# Seiko H557



## tony.obrien (Jun 20, 2007)

I have a Seiko H557-5030 watch and the alarm disk has disintegrated.

Does anyone know where I can get a replacement please?

Thanks

Tony


----------



## DJH584 (Apr 10, 2013)

Tad confused here - I'm not certain what you mean by alarm disk.

Is this your watch by any chance? If it is, then it would appear that the alarm function is built into the LCD functions rather than the analogue side of things.










I found the manual on this page http://www.seikodigitalwatches.com/seikomanual12.htm. If you scroll down you'll find the pdf for the H556/H557 which you can download and peruse.
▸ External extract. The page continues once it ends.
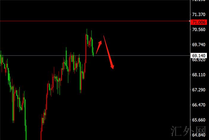 星期一回弹到69.3——69.6买跌,止损50点,止盈看68——67;67突破后更深一步看65左右

I hope that has been of help to you.

Regards

David


----------



## tony.obrien (Jun 20, 2007)

Hi David,

Yes that looks like my watch.

It has a thin piezo disc glued to the cover which sounds the alarm.
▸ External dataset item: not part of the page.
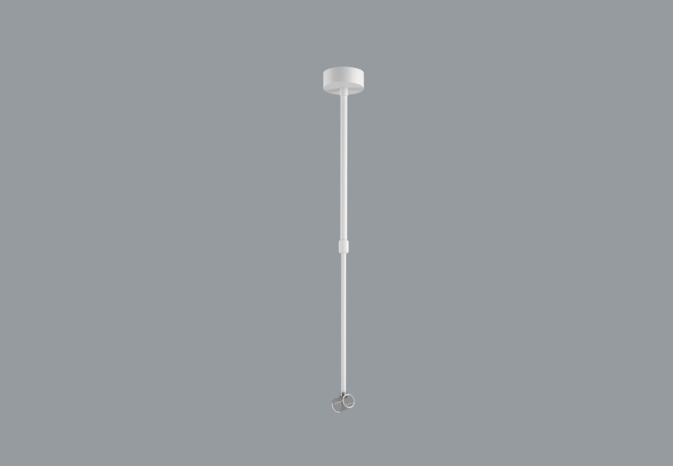 Ceiling base D=80mm with a horizontal bracket and a rigid adjustable suspension L=750-1500mm, white RAL9016
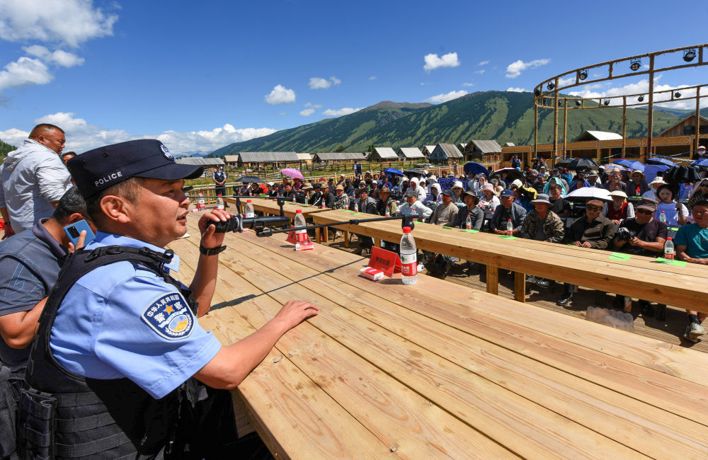 2024年7月22日,在新疆阿勒泰地区布尔津县禾木哈纳斯蒙古族乡哈纳斯村,喀纳斯边境派出所民警在村民大会上给村民宣讲边境法律法规。近年来,喀纳斯边境派出所通过“警村企党支部联合工作站”模式,联合当地群众、景区一起解决游客难题,大大提升了警务效率,逐步形成了“景中警 贴心人”的旅游警务品牌。

This has disintegrated and I would like to find a replacement.

Thanks

Tony


----------



## Robin S (Nov 1, 2008)

Maybe he means the disk of resonating material stuck to the inside of the case back.

<Oops, overtaken post>.


----------



## tony.obrien (Jun 20, 2007)

tony.obrien said:


> I have a Seiko H557-5030 watch and the alarm disk has disintegrated.
> 
> Does anyone know where I can get a replacement please?
> 
> ...


 Hi, still looking for this.

Have seen one on eBay from the US but price and shipping are astronomic!!

I need the piezo element which is stuck to the inside of the case back.

Thanks


----------



## lewie (Dec 7, 2010)

Hi

i have a 557 on my desk I'll check the model in the morning

It's a 524A


----------